SERAYUNEWS – Pemerintah telah mencabut Izin Usaha Pertambangan (IUP) dari empat perusahaan tambang di Raja Ampat, Papua Barat Daya. Namun, PT GAG Nikel tetap diperbolehkan beroperasi di lahan seluas 13.136 hektare.
Langkah ini memunculkan kritik karena dinilai tidak konsisten dalam melindungi kawasan konservasi yang kaya biodiversitas tersebut. Aktivitas tambang di Pulau Gag dinilai bertentangan dengan UU No. 1 Tahun 2014 tentang Pengelolaan Wilayah Pesisir dan Pulau-Pulau Kecil.
Perpres No. 81 Tahun 2023 yang menegaskan bahwa kawasan strategis nasional Raja Ampat tidak diperuntukkan bagi kegiatan pertambangan. Perpres ini mengatur penataan ruang untuk menjaga kelestarian ekosistem laut dan daratan, termasuk larangan penambangan di 24 distrik yang menjadi bagian wilayah konservasi.

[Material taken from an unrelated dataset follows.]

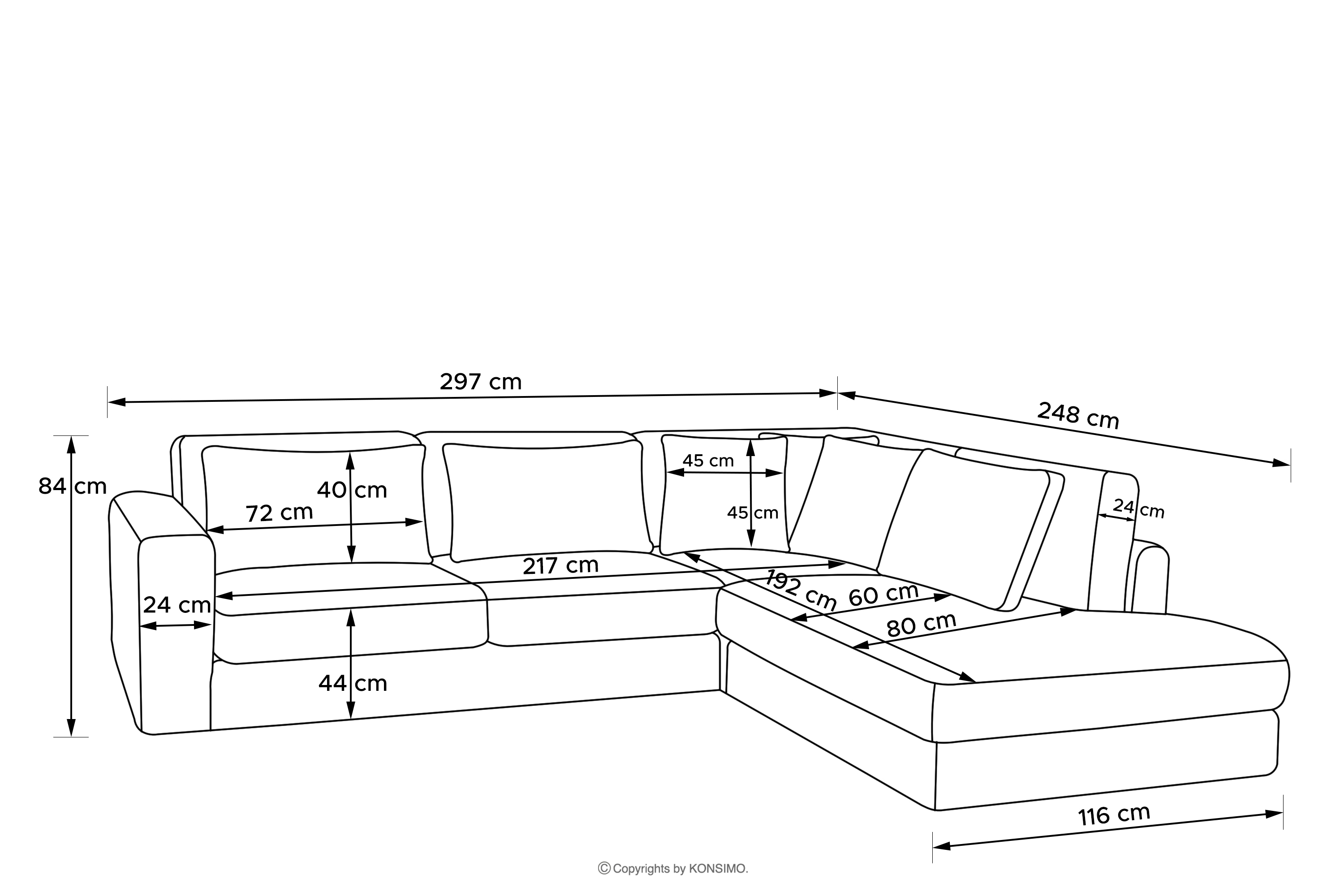 VERUS zobacz całą kolekcję Wygodny narożnik do salonu tkanina pleciona prawy jasny beżowy- kolor jasny beżowy
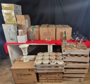 GLASSWARE - ALL ITEMS ARE BRANDED PREMIER ALL BOXES AND ITEMS ARE APPROXIMATE - WHAT YOU SEE IN THE PHOTO IS WHAT YOU RECEIVE.

WALHI dan berbagai organisasi lingkungan lain menilai bahwa keberadaan tambang di pulau kecil seperti Pulau Gag membawa dampak serius, baik secara ekologis maupun sosial. Mereka mengutip sejumlah regulasi yang jelas melarang penambangan di pulau kecil karena risiko degradasi lingkungan yang tinggi.
Sejarah dan Keistimewaan PT GAG Nikel
Pemerintah menyatakan bahwa PT GAG Nikel memiliki status khusus sejak masa Orde Baru, dengan kontrak karya yang ditandatangani pada Januari 1998.
Meski UU Kehutanan tahun 1999 melarang aktivitas tambang di hutan lindung, perusahaan ini termasuk yang mendapatkan pengecualian dalam revisi regulasi pada masa Presiden Megawati.
Oleh karena itu, pencabutan IUP tidak menyentuh perusahaan tersebut. Menteri ESDM Bahlil Lahadalia menjelaskan bahwa empat IUP yang dicabut adalah milik PT Anugerah Surya Pratama, PT Mulia Raymond Perkasa, PT Kawei Sejahtera Mining, dan PT Nurham.
Ia mengklaim keputusan tersebut diambil berdasarkan kajian hukum dan tidak sekadar merespons tekanan publik.
Namun, ketua Ikatan Ahli Geologi Indonesia (IAGI), Stj Budi Santoso, mengingatkan pentingnya pengelolaan berbasis data ilmiah dan transparansi perusahaan dalam mematuhi aturan lingkungan.
Ia juga menyoroti pentingnya keseimbangan antara kepentingan ekonomi, ekologi, dan sosial, apalagi Raja Ampat dikenal sebagai kawasan wisata unggulan yang terbentuk dari batuan gamping hasil proses geologi unik.
Desakan Perlindungan Penuh dan Kekhawatiran Konflik Sosial
Meski pencabutan empat IUP diapresiasi, Greenpeace Indonesia dan Persekutuan Gereja-Gereja di Indonesia (PGI) menuntut pemerintah mencabut seluruh izin tambang, termasuk milik PT GAG Nikel. Mereka khawatir akan adanya upaya pemulihan izin yang telah dicabut melalui jalur hukum.
Aliansi masyarakat lokal seperti Aliansi Jaga Alam Raja Ampat telah lama menolak tambang karena dianggap merusak ruang hidup dan ekosistem. Mereka mendesak pemerintah untuk memulihkan lahan yang telah dirusak, serta menghindari konflik sosial akibat keberadaan tambang.
PGI juga meminta pemerintah meninjau kembali dokumen AMDAL dan AMDAS perusahaan tambang yang masih aktif. Mereka mengingatkan bahwa pencemaran seperti kasus Sungai Jikwa di Papua jangan sampai terulang di Raja Ampat.
Pemerintah dinilai memiliki tanggung jawab moral dan hukum untuk menjaga kawasan yang selama ini menjadi ikon wisata alam Indonesia. Apalagi banyak area sudah rusak akibat pembabatan hutan sebelum izin mereka resmi dicabut.
Maka, pemulihan pasca tambang harus dilakukan secara cepat dan menyeluruh untuk mencegah kerusakan lebih lanjut.